The MHAD dataset comprises 1,440 videos from 40 subjects, capturing 6 typical activities from 3 angles in a real home environment.
- Score: 20.113892246512776
- License: http://arxiv.org/licenses/nonexclusive-distrib/1.0/
- Abstract: Video-based physiology, exemplified by remote photoplethysmography (rPPG), extracts physiological signals such as pulse and respiration by analyzing subtle changes in video recordings. This non-contact, real-time monitoring method holds great potential for home settings. Despite the valuable contributions of public benchmark datasets to this technology, there is currently no dataset specifically designed for passive home monitoring. Existing datasets are often limited to close-up, static, frontal recordings and typically include only 1-2 physiological signals.

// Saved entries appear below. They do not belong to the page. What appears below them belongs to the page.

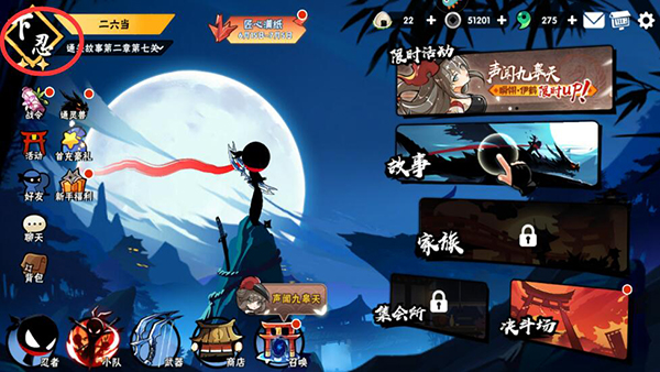 2、接下来回到游戏主界面,我们在左上角的忍者级别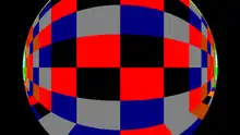 - Еквідистантна (лінійно масштабована): . Зберігає кутові відстані. Практична до кутових вимірювань (наприклад, зоряних карт). Програмний продукт PanoTools використовує цей тип відображення.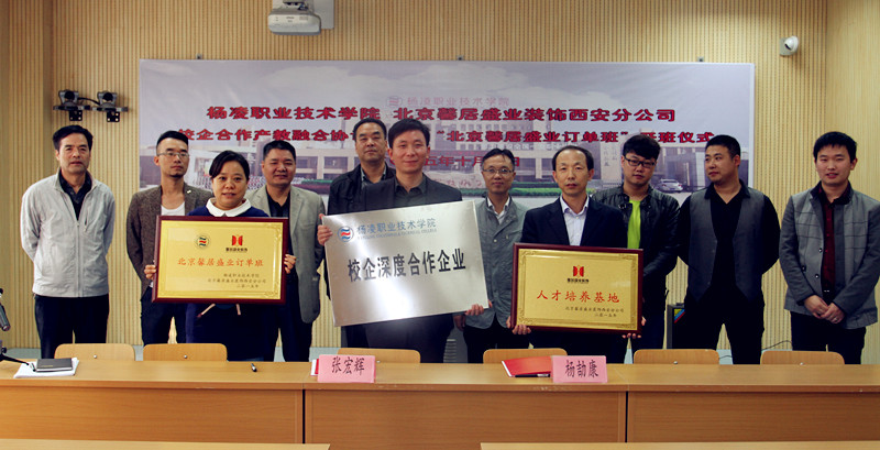 冠名仪式上,企业在2013级室内设计专业设立专项奖学金3万,并成立了“北京馨居盛业订单班”。同时,双方还签署了校企合作产教融合协议,我院向北京馨居盛业装饰西安分公司授予了校企深度合作牌匾,公司向我院授予了北京馨居盛业人才培养基地及北京馨居盛业订单班牌匾。学生处负责人向北京馨居盛业装饰西安分公4名设计师颁发了兼职教师聘任书,公司向我院5名教师颁发了高级顾问聘任书。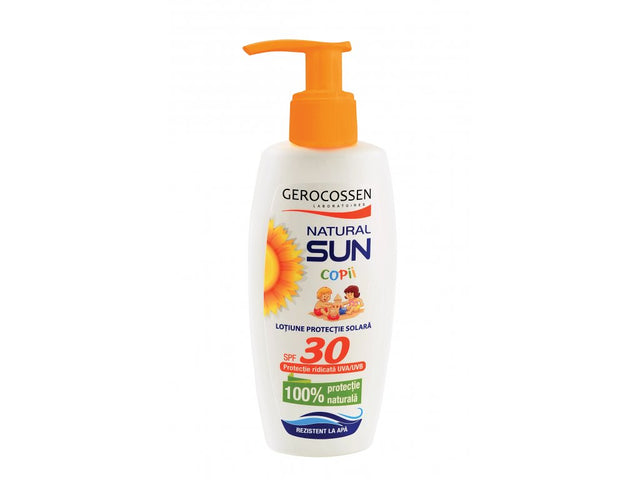 Lotiunea de soare pentru copii cu SPF 30 ofera protectie ridicata impotriva radiatiilor UVB si UVA. Este formulata cu ingrediente naturale, inclusiv ulei de karanja, ulei de morcov si ulei de masline, pentru a proteja pielea sensibila a copiilor. Usor de aplicat si rezistenta la apa, aceasta lotiune este ideala pentru zilele petrecute la soare. Se recomanda aplicarea abundenta inainte de expunerea la soare si reaplicarea frecventa.

To advance video-based physiology in real home settings, we introduce the MHAD dataset. It comprises 1,440 videos from 40 subjects, capturing 6 typical activities from 3 angles in a real home environment. Additionally, 5 physiological signals were recorded, making it a comprehensive video-based physiology dataset. MHAD is compatible with the rPPG-toolbox and has been validated using several unsupervised and supervised methods. Our dataset is publicly available at https://github.com/jdh-algo/MHAD-Dataset.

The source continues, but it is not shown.